Cloning and expression of the rat liver cDNA for peroxisomal enoyl-CoA hydratase, 3-hydroxyacyl-CoA dehydrogenase in gammaGT11. Transcriptional regulation of enzyme activity by Wy-14643 in primary cultures of rat hepatocytes

Abstract

Proliferation of rat liver peroxisomes by the hypolipidemic drug Wy-14643 is associated with a concomitant induction of peroxisomal enzymes involved in the β-oxidation of fatty acids. In order to explore the molecular mechanism of this induction process we have cloned the cDNA for the peroxisomal bifunctional enzyme enoyl-CoA hydratase, 3-hydroxyacyl-CoA dehydrogenase (ECH) in the γgt11 expression vector. The library was screened with the monospecific rabbit antiserum to ECH. Hybrid-selected-mRNA translation established that the immunoreactive clones contain the cDNA sequences of the ECH bifunctional enzyme. The cloned cDNA was used to define the early events associated with enzyme induction in primary cultures of rat hepatocytes. Dot-blot hybridization of the total hepatocyte RNA with the ECH cDNA probe showed that the ECH mRNA begins to rise at about 10–15 h following incubation with Wy-14643. At 24 h and 48 h of incubation the stimulation of the ECH mRNA over the vehicle-treated control reached 26-fold and 47-fold respectively. Run-off experiments in the isolated nuclei of hepatocytes showed no increase in the transcription rate of the ECH gene at 5 h after drug treatment and a 2-fold and 11-fold increase at 10 h and 20 h of drug treatment.
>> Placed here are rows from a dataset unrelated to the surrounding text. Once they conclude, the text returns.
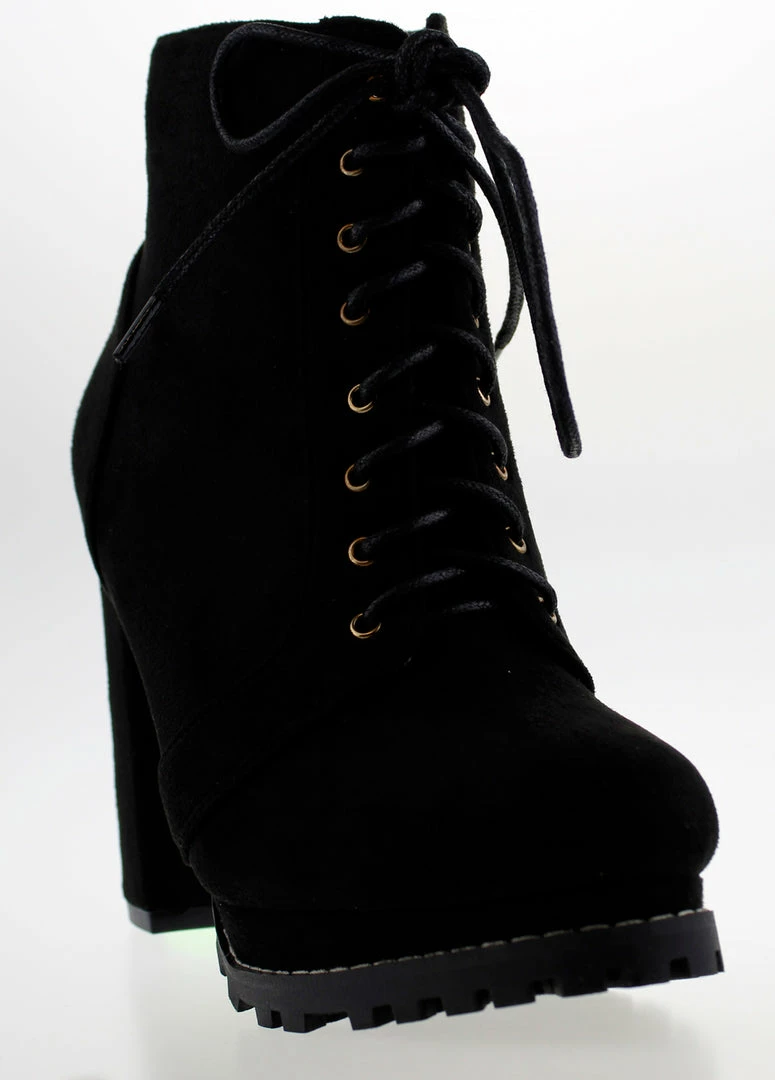 These fashionable ankle booties really make a statement. They are perfect for a dressy outfit or to dress up a simple jeans and t-shirt outfit. The inside zipper is perfect for easy slip on and off. These booties feature a lace up top for an extra pop. They have a chunky heel for extra comfort and are faux suede.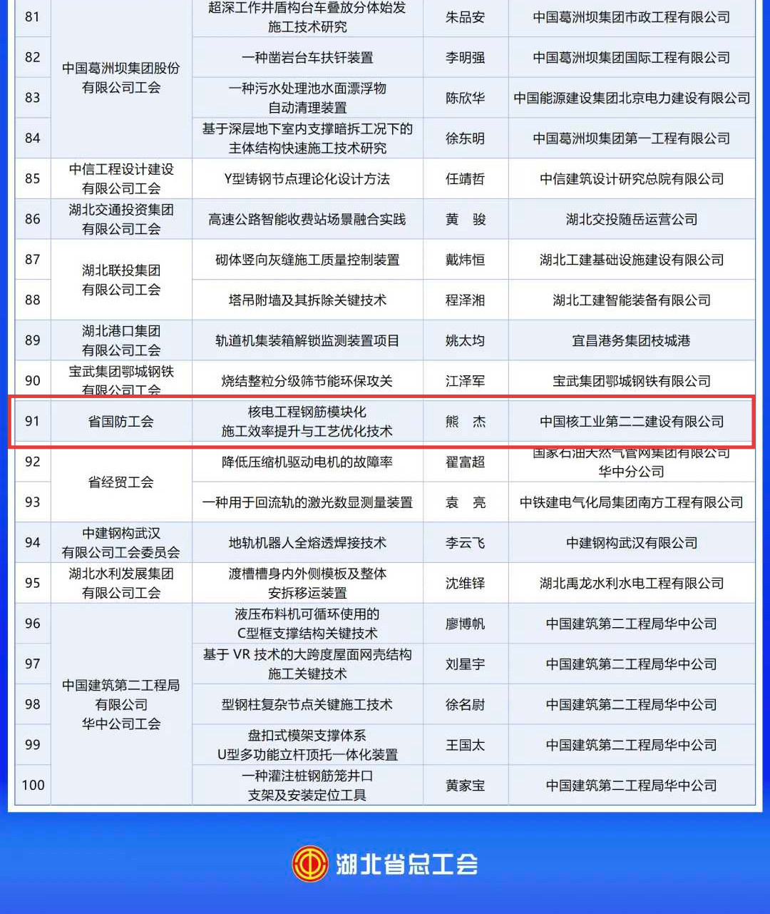 近日,从湖北省总工会获悉,中核二二研发成果“核电工程钢筋模块化施工效率提升与工艺优化技术”作为省国防工会唯一推荐项目获评2025年全省职工百优“五小”创新大赛优秀成果。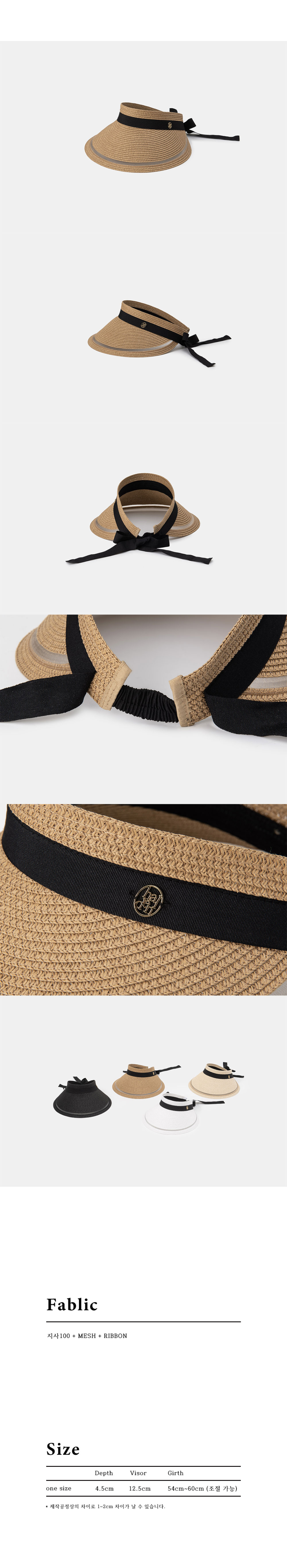 mesh ribbon logo pendant raffia sun visor (C008_beige)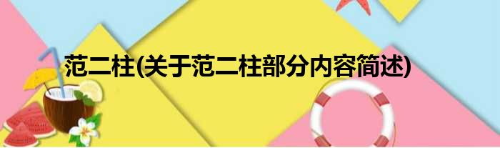 导读 大家好,今天小方来说说一篇关于范二柱,关于范二柱部分内容简述的文章,那么现在就为大家来简单介绍下,希望对各位小伙伴们有所帮助。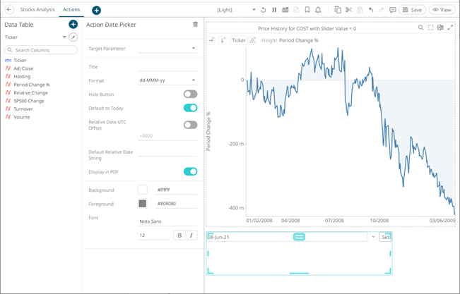 The Action Date Picker pane is displayed, and the Action Date Picker part is added on the dashboard canvas with the current date and the Set button to the right.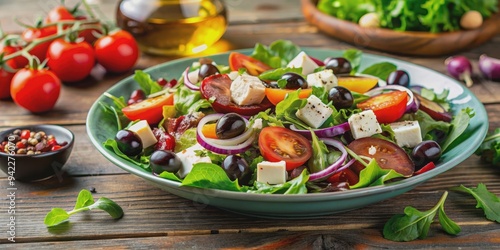 Fresh and colorful garden salad topped with feta cheese and balsamic vinaigrette dressing, salad, healthy, fresh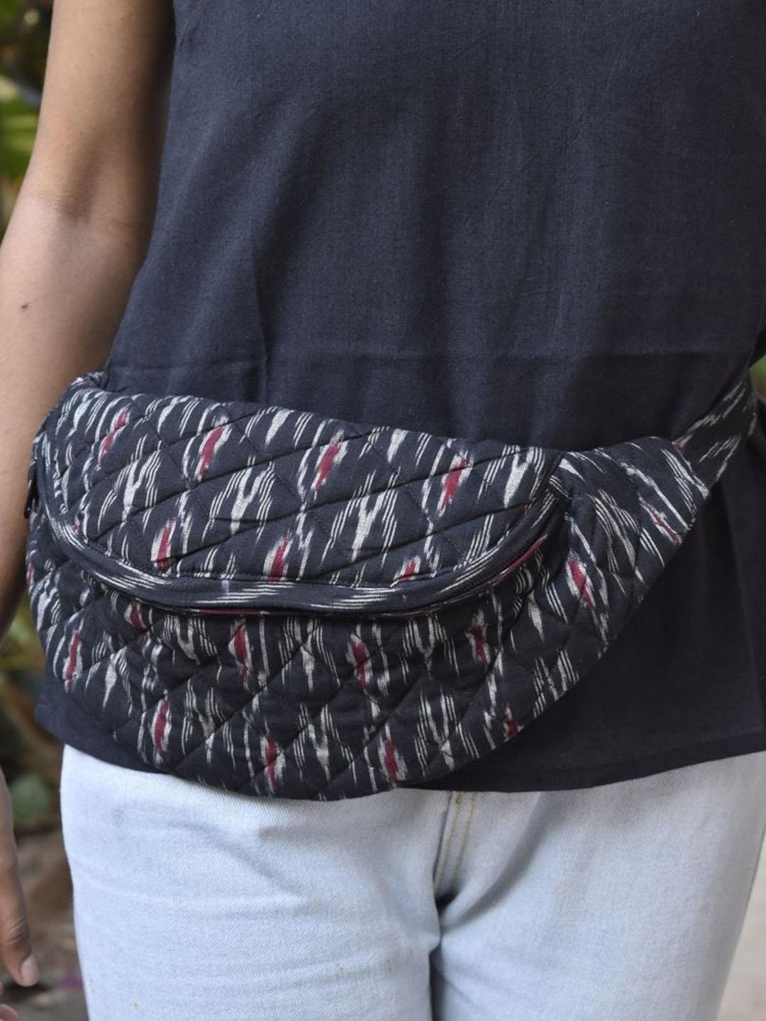 Kriti Sustainable Livelihoods Fanny Bag or Waist Bag in Black Ikat

From these results we conclude that the increase in ECH activity by Wy-14643 is due to an enhancement of the rate of transcription of the ECH gene. However, the relatively long lag period of about 10–15 h after exposure of hepatocytes to Wy-14643 suggests that the induction of the ECH mRNA may involve an indirect effect of the drug on the transcription of this gene.